Wednesday, August 29, 2012

Thought for Today

The abundant life is when, in the midst of your impossible situation, you say, "Now is the time!" 
- Priscilla Shirer

"Now to Him who by the power that is working within us is able to do far beyond all that we ask or think, to Him be the glory in the church and in Christ Jesus to all generations, forever and ever." Ephesians 3:20-21

Thursday, August 16, 2012

Dad knows his girl

"Hey it's your Dad, I just wanted to let you know that we did get you a birthday present. We haven't forgotten about you. I didn't know that your Mom didn't get it to you. Quite frankly she forgot ... So don't fret. We didn't forget about you. I know you're fretting, so that's why I called."

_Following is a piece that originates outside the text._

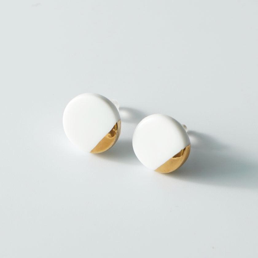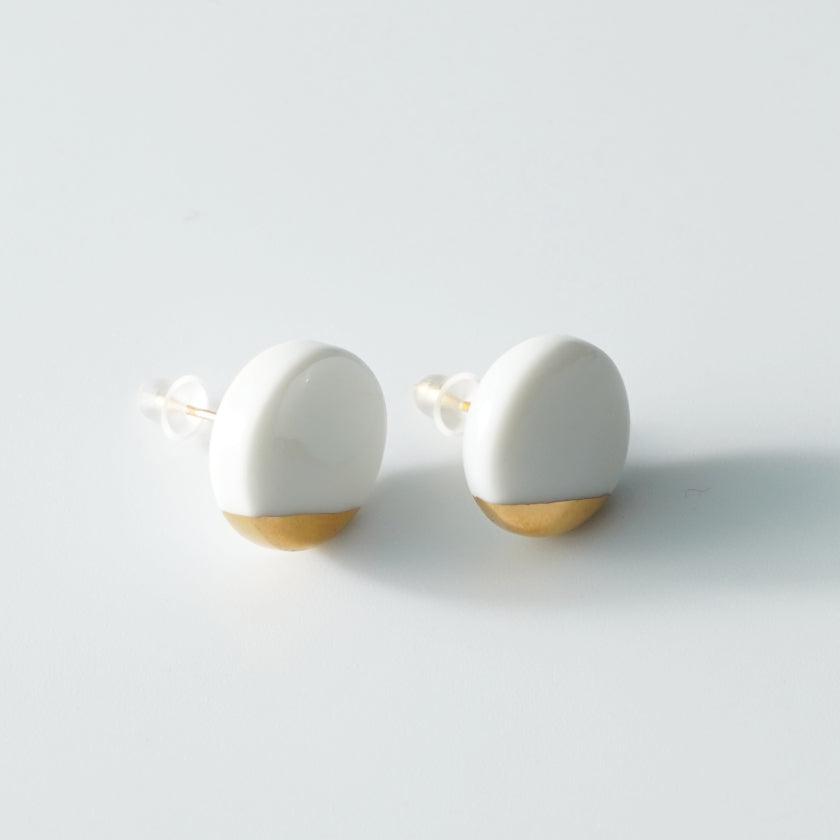 丸い純白の磁土に華やかなゴールドをあしらったイヤリング。
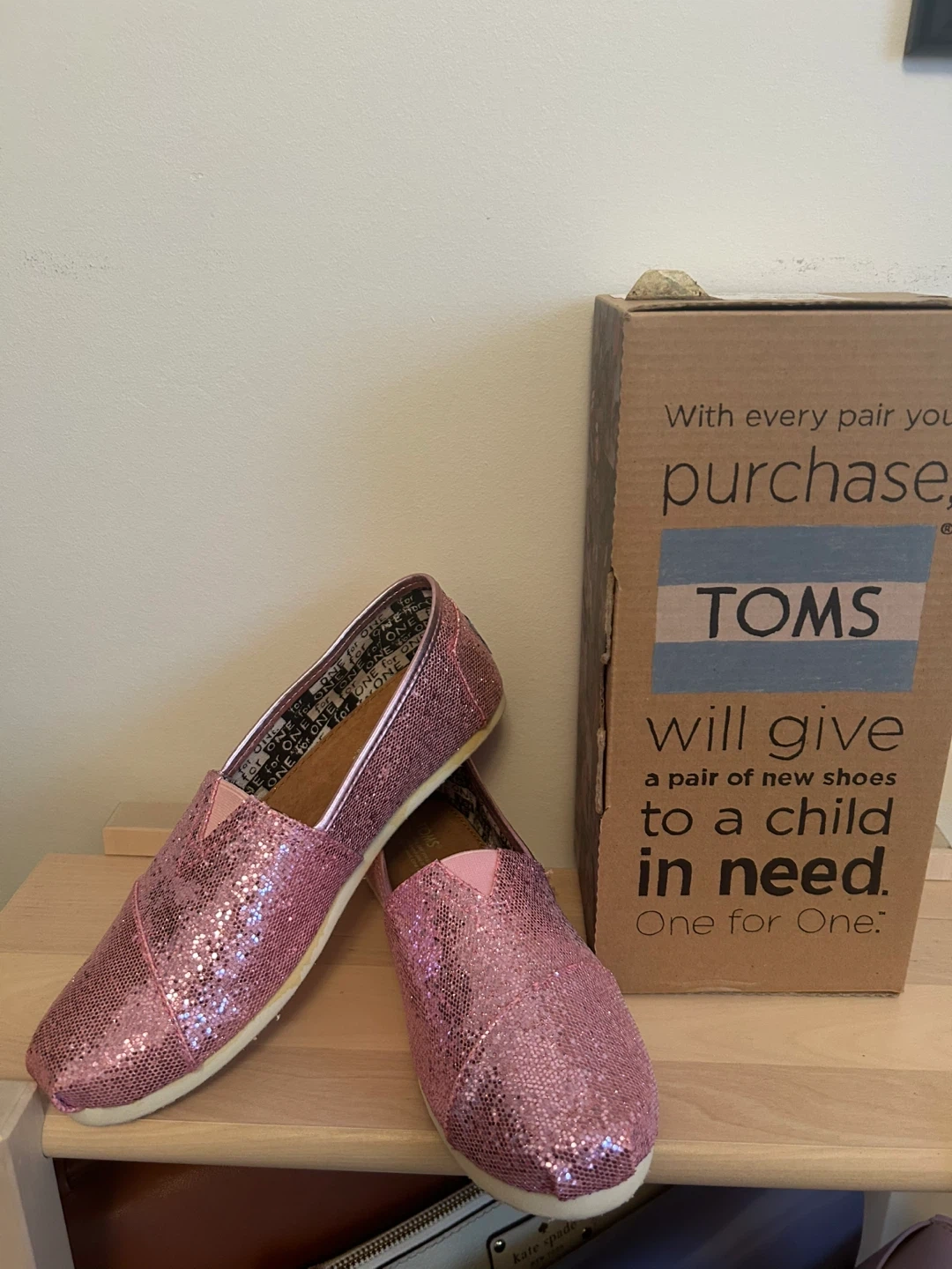 10Selling a pair of TOMS shoes in a fun pink glitter! They are kids 3.5 or women's size 6. The box is included!

I received this voicemail eleven days after my birthday. It has been a standard practice for my dad to be gone on my birthday, making phone calls from him on that day especially important, and a big fuss over me of equal importance. It wasn't really his fault - he was committed to an activity before I was born and it turns out it takes place at the same time every year. I have forgiven him. But growing up I did expect a daddy-daughter date as soon as he came back into town... which I always received. This was part of the big fuss I expected to surround me every year.

You might think that as I grew up I would be less of a five-year-old about this day.

Nope.

Every July 28 I morph back into my five-year-old self, anxiously waiting for every member of my family to call me, staring down the Mister until he remembers and wishes me birthday greetings, reminding my parents that they still owe me a present. If it bothers them, they don't complain about it to me so I see no reason to change my behaviors and expectations.

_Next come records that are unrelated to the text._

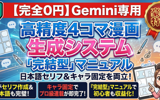 【完全0円】Gemini専用・高精度4コマ漫画生成システム|日本語セリフ&キャラ崩れを完全排除した「完結型」プロンプト構造マニュアル 投稿日: 2026年3月21日2026年3月22日 投稿者: fukuemon 続きを読む
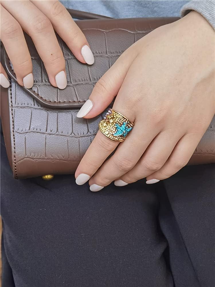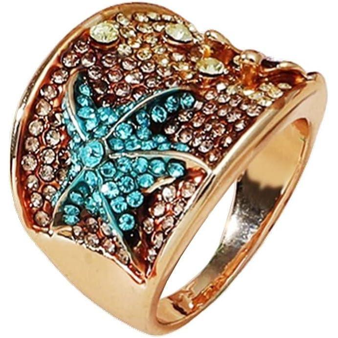 Ocean Starfish Statement Ring for Women Wide Vintage Blue Purple Crystal CZ Band Cocktail Party Rings Big Chunky Antique Exaggerated Jewelry Dainty
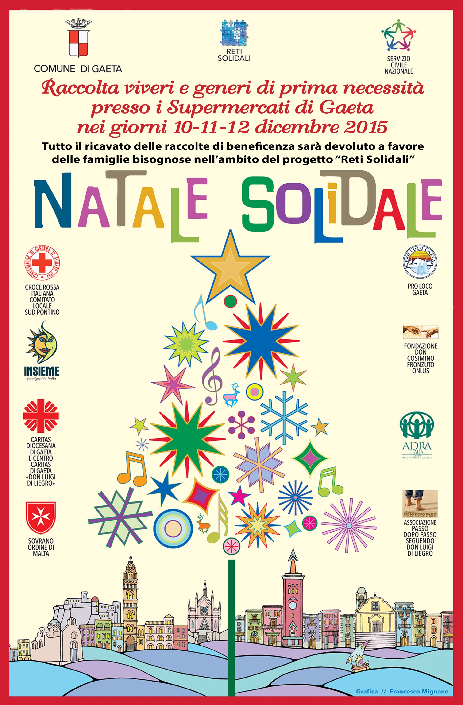 Inizierà mercoledì 10 dicembre, per proseguire l’11 ed il 12, “Natale Solidale” l’iniziativa di raccolta viveri e beni di prima necessità, promossa e coordinata dal Comune di Gaeta, che vede il coinvolgimento attivo dei volontari di Servizio Civile del Comune e dei volontari di Croce Rossa, Sovrano Ordine di Malta, Caritas Diocesana, ADRA Chiesa Cristiana Avventista, organizzati nella Rete Solidale dal Dipartimento Benessere Sociale del Comune.
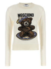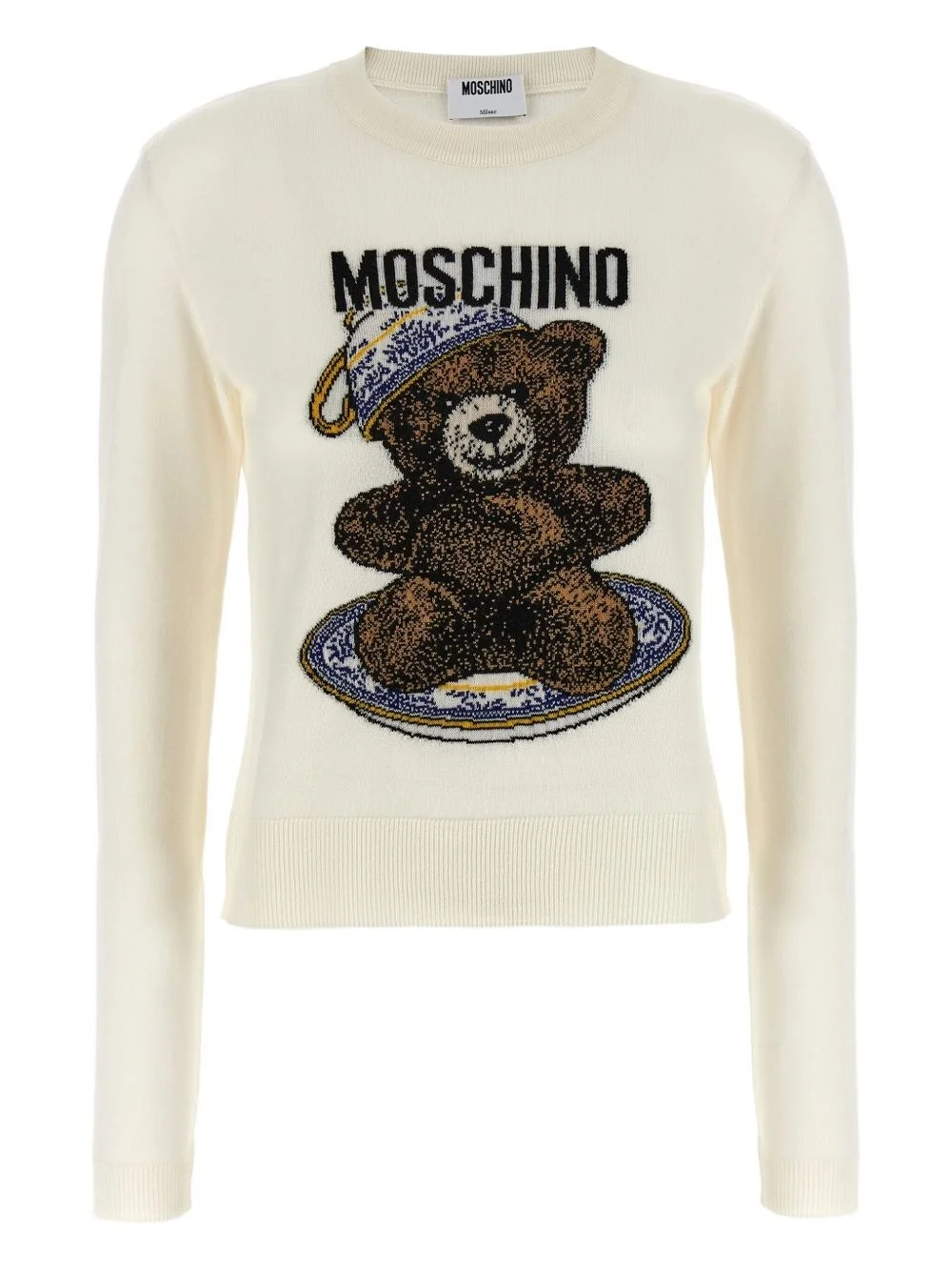 Teddy intarsia crew neck sweater Highlights - Off-white - Crew neck - Teddy bear intarsia - Long sleeves - Ribbed cuffs - Ribbed hem Made in Italy Composition Virgin Wool 100% Washing instructions Read Manufacturer Guidelines

This year the fuss around my birthday has exceeded my wildest dreams! I have been receiving presents since July 24 and there is still one in the mail. This has been the longest birthday celebration of my entire life!! I figure, as long as I am still receiving presents, it is still my birthday. True logic, eh? Plus my birthday kicked off our week long beach vacation - and I still have a nice tan from that trip, which is like another present in itself!

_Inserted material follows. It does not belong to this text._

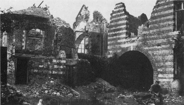 Части первого батальона вошли в парк замка. Из второго батальона только моя и пятая рота относительно в целом составе прошли огненный занавес. Мы продвигались по воронкам и развалинам домов к лощине на западном краю деревни. По дороге я поднял с земли каску, чтобы надеть ее на голову, – это я проделывал только в весьма опасных обстоятельствах. К моему удивлению, деревня Фаврёй оказалась совершенно мертва. По всем признакам, команда оставила участок обороны, так как над развалинами уже витал странный дух тревоги, свойственный в такие моменты покинутым хозяевами местам.

So that is why I didn't cry and complain when my parents finally handed over my birthday gift, on August 12, fifteen days after my birthday. I have been especially blessed this year, or perhaps especially selfish and self-absorbed. Call it what you will - but I am relishing the birthday celebration of 2012! And the little five-year-old in me has been giggling with delight.

Ya done me good family, ya done me real good!